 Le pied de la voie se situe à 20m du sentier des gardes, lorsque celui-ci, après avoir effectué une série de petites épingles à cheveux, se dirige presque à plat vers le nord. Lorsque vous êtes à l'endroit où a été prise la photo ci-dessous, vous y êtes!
————
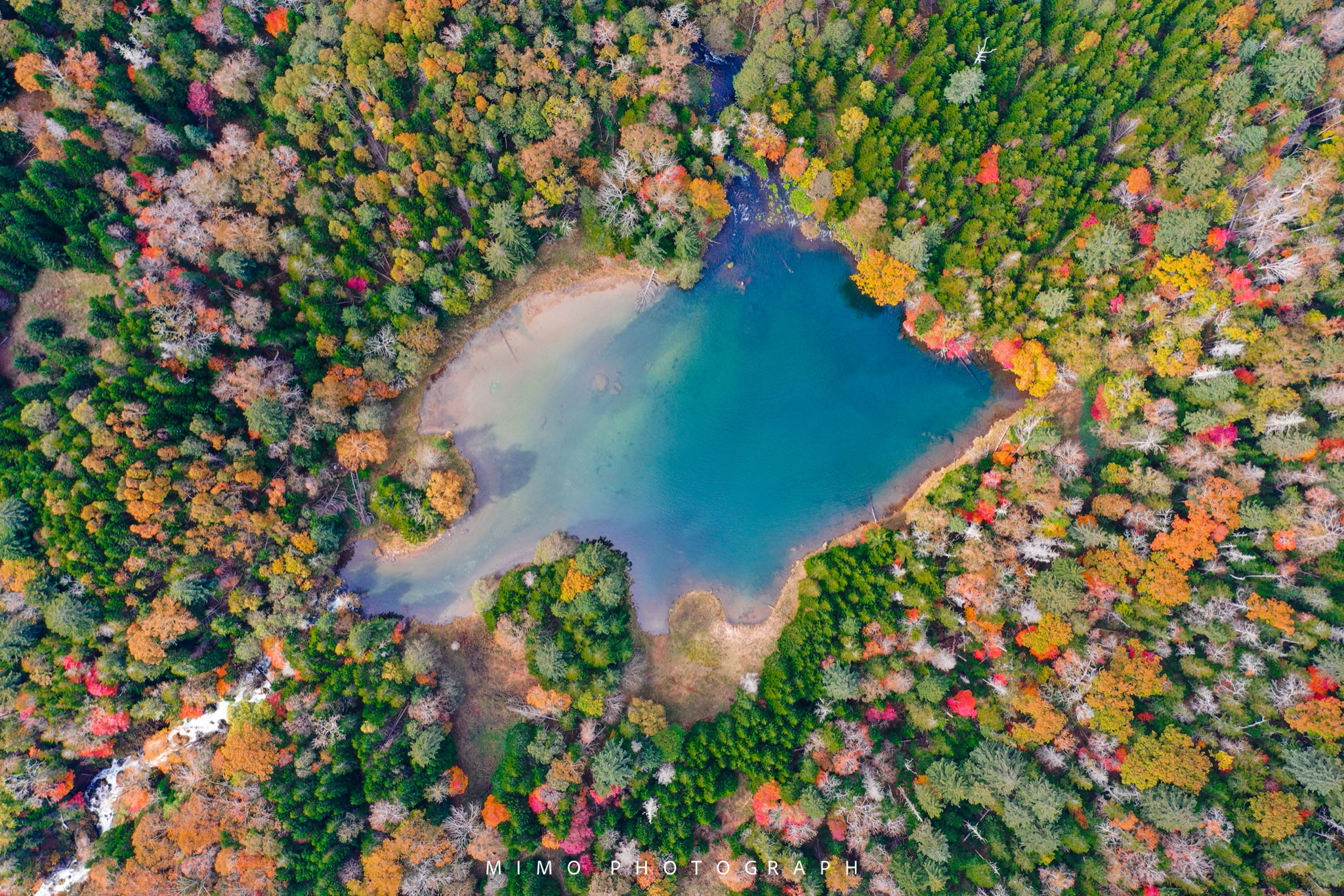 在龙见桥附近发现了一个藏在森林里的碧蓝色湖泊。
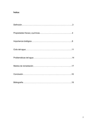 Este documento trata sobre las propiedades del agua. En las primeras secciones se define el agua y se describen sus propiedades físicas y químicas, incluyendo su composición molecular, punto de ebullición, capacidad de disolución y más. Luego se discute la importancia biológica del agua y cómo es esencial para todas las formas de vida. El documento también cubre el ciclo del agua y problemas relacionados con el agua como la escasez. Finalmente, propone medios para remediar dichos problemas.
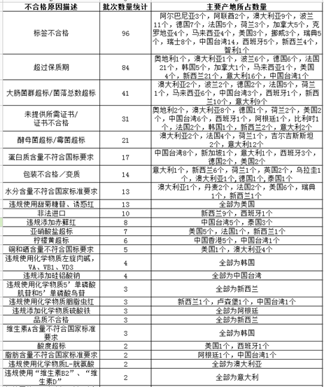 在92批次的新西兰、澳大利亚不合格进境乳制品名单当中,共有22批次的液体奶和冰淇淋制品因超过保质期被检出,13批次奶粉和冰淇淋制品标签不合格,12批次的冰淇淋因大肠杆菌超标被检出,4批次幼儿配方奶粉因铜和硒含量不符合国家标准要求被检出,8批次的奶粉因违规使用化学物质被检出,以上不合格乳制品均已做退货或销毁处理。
————
**How to complete this task:** Reproduce, exactly and only, the lines of the records above starting at the line with "在龙见桥附近发现了一个藏在森林里的碧蓝色湖泊。" and ending at the line with "在92批次的新西兰、澳大利亚", both included. Leave every picture out.

**Solution to the exercise:**
 在龙见桥附近发现了一个藏在森林里的碧蓝色湖泊。
 Este documento trata sobre las propiedades del agua. En las primeras secciones se define el agua y se describen sus propiedades físicas y químicas, incluyendo su composición molecular, punto de ebullición, capacidad de disolución y más. Luego se discute la importancia biológica del agua y cómo es esencial para todas las formas de vida. El documento también cubre el ciclo del agua y problemas relacionados con el agua como la escasez. Finalmente, propone medios para remediar dichos problemas.
 在92批次的新西兰、澳大利亚不合格进境乳制品名单当中,共有22批次的液体奶和冰淇淋制品因超过保质期被检出,13批次奶粉和冰淇淋制品标签不合格,12批次的冰淇淋因大肠杆菌超标被检出,4批次幼儿配方奶粉因铜和硒含量不符合国家标准要求被检出,8批次的奶粉因违规使用化学物质被检出,以上不合格乳制品均已做退货或销毁处理。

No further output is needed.